Commit Graph

6 Commits

Author SHA1 Message Date
Keysat 069e60053b email-activity agent: propose -> review -> approve grid notes (v0.1.0:64)
When a sent/received email is matched to an investor, a local-model agent drafts a
one-line dated note and queues it as a PENDING proposal (it never writes the grid
itself). On the Email Capture page a partner sees "Proposed grid notes", can edit the
text, and Approve (appends to that investor's grid notes cell, newest at bottom,
stamped with the approver) or Dismiss. Going-forward only: a cutoff (app_settings
email_activity_since, set on first run) means email dated before the feature was
enabled is never summarized, so the historical backfill makes no noise. Sovereign:
summaries run entirely on the local model (no redaction needed). Gmail sync interval
tightened 180 -> 15 min so outgoing email surfaces quickly.

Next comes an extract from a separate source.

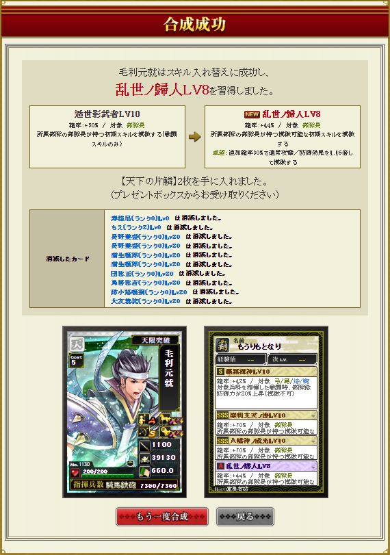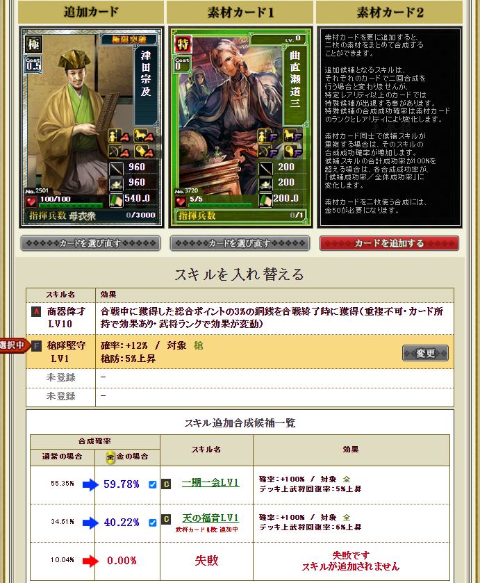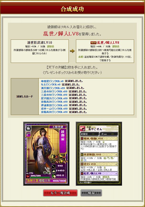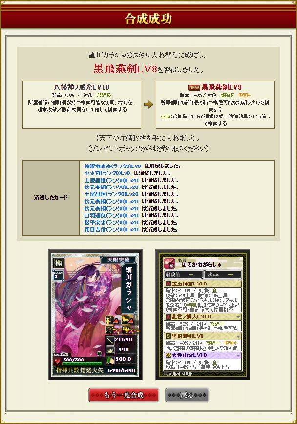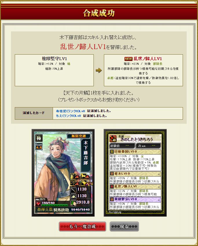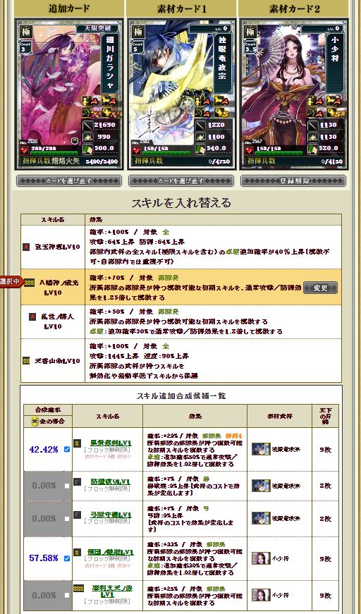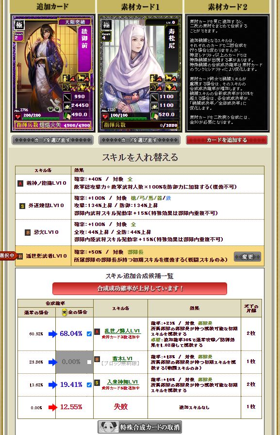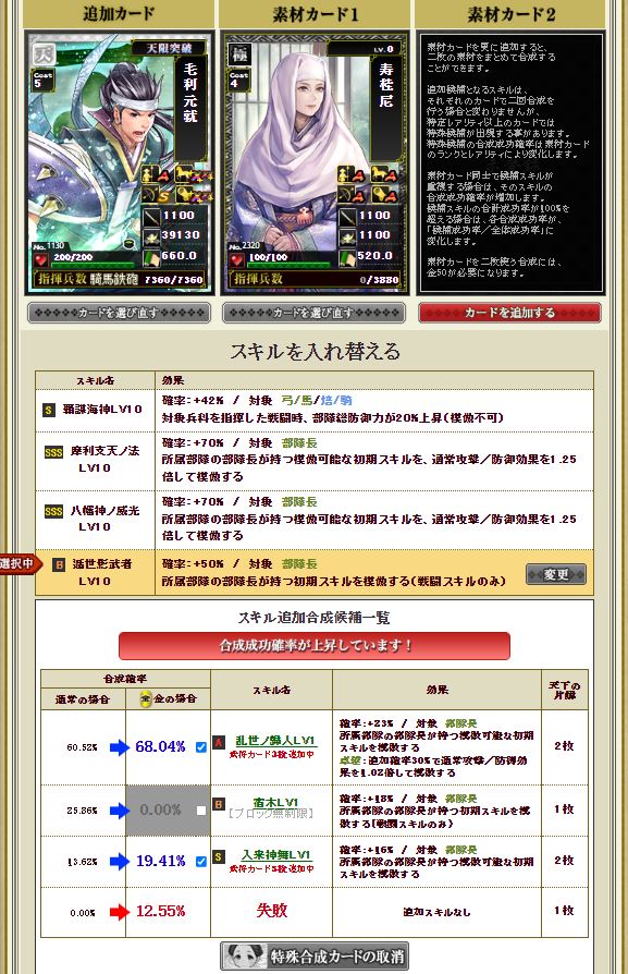 カシン異境で重宝する被害10%マシか、無鹿のそーりんさんか迷った結果がこれ。果たしてこいつで良かったかはさておき、1枚で確実に成功させねばというプレッシャーからなかなか合成ボタンを押せずにいる←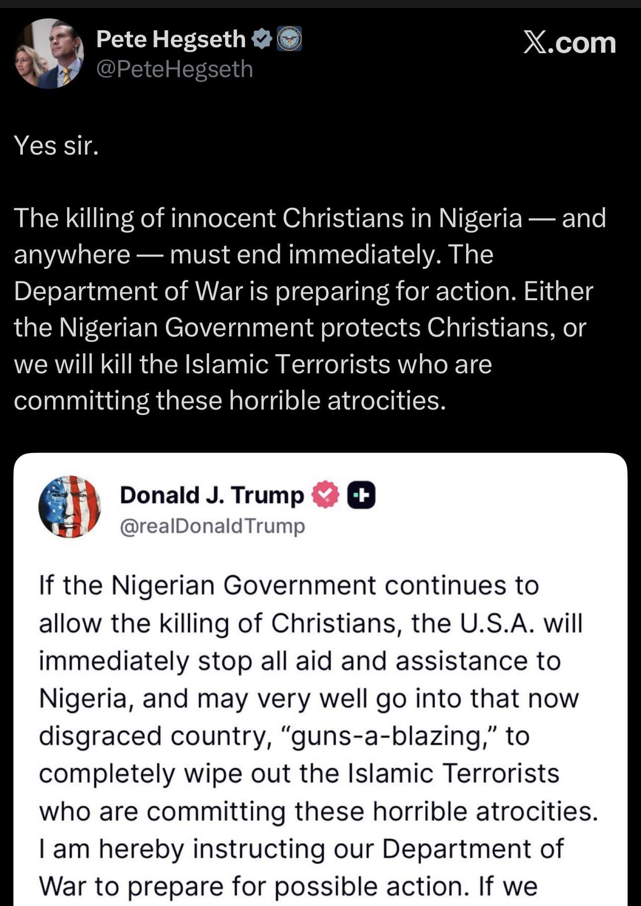 Also, MAGA supposedly hated military intervention abroad, but Nigeria, yes Nigeria, that is cool (judging from comments supporting this half baked idea)

Backend: migration 0002 (email_activity_proposals); propose_email_activity_notes()
runs via a new scheduler post_sync hook; list/decide functions + routes
GET /api/activity/proposals, POST .../{id}/approve|dismiss. Grid append stamps the
approving user (fundraising_state.updated_by has a FK to users). Test
test_email_activity.py (propose cutoff/idempotency, approve appends + edited note,
dismiss, already-decided guard) under FK enforcement.

Co-Authored-By: Claude Opus 4.8 <noreply@anthropic.com>
2026-06-06 15:55:26 -05:00
Keysat 2e70b34592 Architect grounding boundary: redaction/re-hydration privacy gate (v0.1.0:55)
Phase 1 Workstream D. Lets the Architect ground the thesis in REAL recurring LP
objections without any LP identity reaching the Claude API. Layered, defense-in-depth,
fail-closed by construction (docs/redaction-rehydration.md).

backend/redaction/:
- scrub.py: the leak-proof core. Drops Tier-1 (labelled/structured account/wire/SSN/
  IBAN/SWIFT/passport, separator-tolerant); tokenizes known LP entities (dictionary from
  the canonical layer, unicode-folded + hyphen-extended) and structured PII (emails,
  scheme-less/social URLs, intl+ext phones, currency-cued amounts, ISO/worded/numeric/
  quarter dates, addresses, bare long digit runs); pre-neutralizes injected [TYPE_N]
  strings; single-pass rehydrate; metadata-only audit logging (the pseudonym map is the
  de-anon key — local-only, never logged/sent). Hardened across THREE adversarial
  leak-hunts (worded/coded amounts, intl phones, NFD/ligature/zero-width names, slash/
  comma SSN, SWIFT, alpha-prefixed accounts, substance-preserving false-positive fixes).
- client.py: Boundary — one scrub/rehydrate contract, SCRUB_BACKEND=local (default) or
  gateway (Spark Control /scrub + /rehydrate). Fails closed (db_path required; dictionary
  build errors propagate; strict rehydrate returns tokenized-not-de-anon text).
- test_scrub_leak.py, test_reidentification.py: golden-file leak + re-identification
  suites (synthetic only, guardrail #9), regression-locking every leak-hunt vector.

backend/mcp/architect_grounding.py: the flow — retrieve (local) -> minimize-first
(local Qwen) -> scrub (+ local-Qwen NER backstop for unknown names) -> Claude over the
de-identified register only -> re-hydrate locally -> human review. FAILS CLOSED if the
local model is unreachable or a hallucinated token appears. test_grounding_boundary.py
proves nothing sensitive reaches Claude and the three fail-closed paths.

server.py: POST /api/architect/ground (admin) wires retrieval -> ground_objections.
docker_entrypoint.sh: SCRUB_BACKEND (default local). docs/spark-control-scrub-endpoints.md:
the gateway handover spec (Option 1 — caller supplies the entity dictionary).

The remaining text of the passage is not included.